One of the most
talked-about panels during B. Riley Securities' 26th Annual Institutional
Investor Conference tackled how generative AI is reshaping the enterprise
software model. Moderated by Equity Research Managing Director, Erik Suppiger,
The Agentic Pivot: Re-Architecting the SaaS Stack brought together Kyle Brown
(CEO, Trinity Capital), Jonathan Lamm (CFO, Blue Owl), David Morken (CEO,
Bandwidth) and Umesh Sachdev (CEO, Uniphore). With perspectives spanning
technology, lending, and investing, one theme emerged clearly: the shift from
selling software to selling intelligence is underway.
Key
takeaways:
The redefined moat
With AI able to replicate code quickly, the panel argued that tomorrow's moats
rest on three pillars: proprietary data that models can be trained on,
distribution and incumbency that startups struggle to acquire, and usage-based
infrastructure positioned to capture the value of autonomous agents rather than
static seat counts.
The pricing reset
Seat-based licensing breaks down when a single agent can do the work of many
users in a fraction of the time.

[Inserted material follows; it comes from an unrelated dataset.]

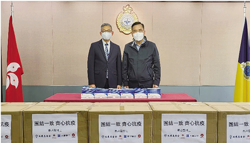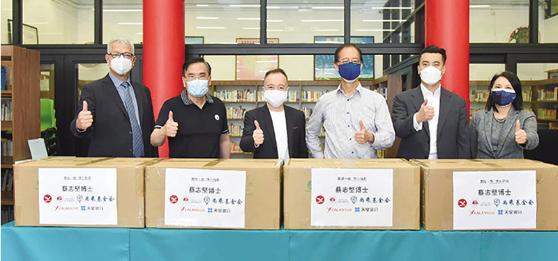 蔡志堅帶領香港青年會、香港青年金融科技協會、尚乘慈善基金會,聯合香港島各界聯合會及天星銀行捐贈五萬套快速抗原測試包贈予香港保安局,日前已全數分別派發給懲教署、入境事務處、民眾安全服務隊、和醫療輔助隊等香港紀律部隊,為他們在抗疫前線之工作提供健康保障。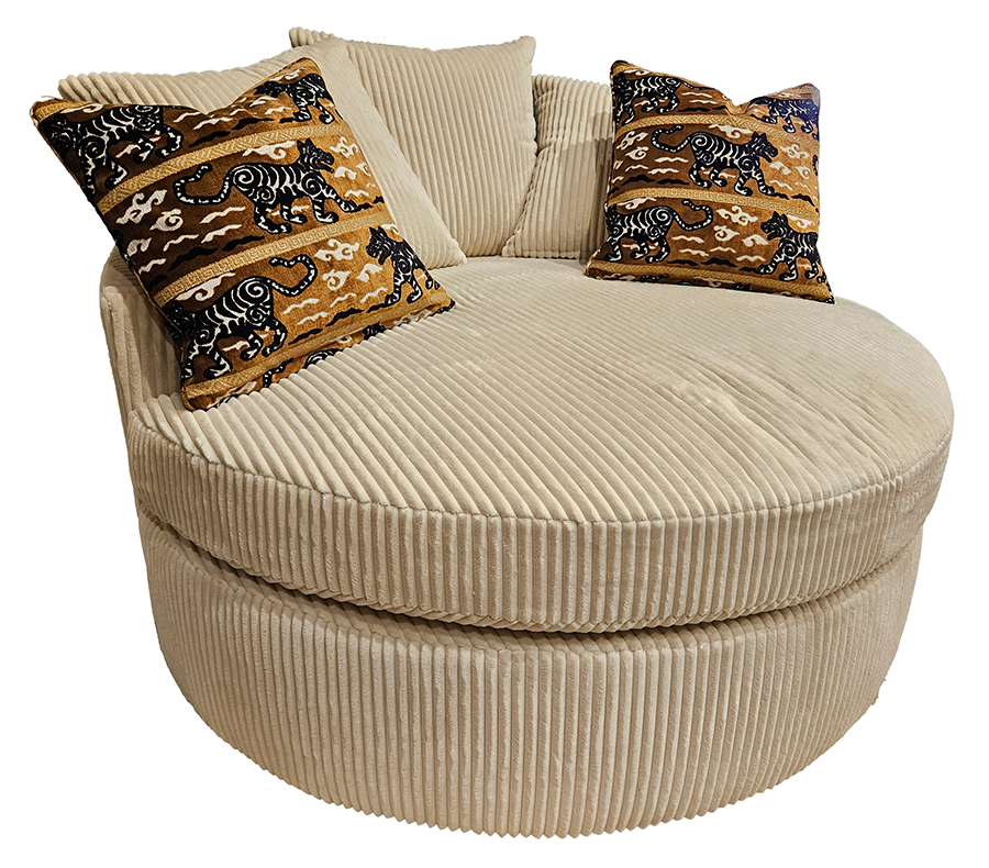Shown here in Memphis Ivory body fabric with Memphis Ivory, Tigress Umber & Leonidas 01110023 pillows

The panel's view: winners will price business
outcomes and intelligence, not the number of logins or seats.
The investor lens
From a capital-allocation standpoint, historical SaaS retention metrics no
longer tell the whole story. The emphasis is shifting toward technological
defensibility — backing mission-critical, data-rich, accuracy-oriented
businesses where AI expands the opportunity, and looking for core
system-of-record companies with clear, actionable AI roadmaps.
The bottom line
The discussion covered a lot of ground, but the closing sentiment was unified:
incumbency remains a powerful weapon, but only when paired with agility. The
companies that thrive will stop treating AI as a feature and start treating it
as the core engine of the intelligence they deliver.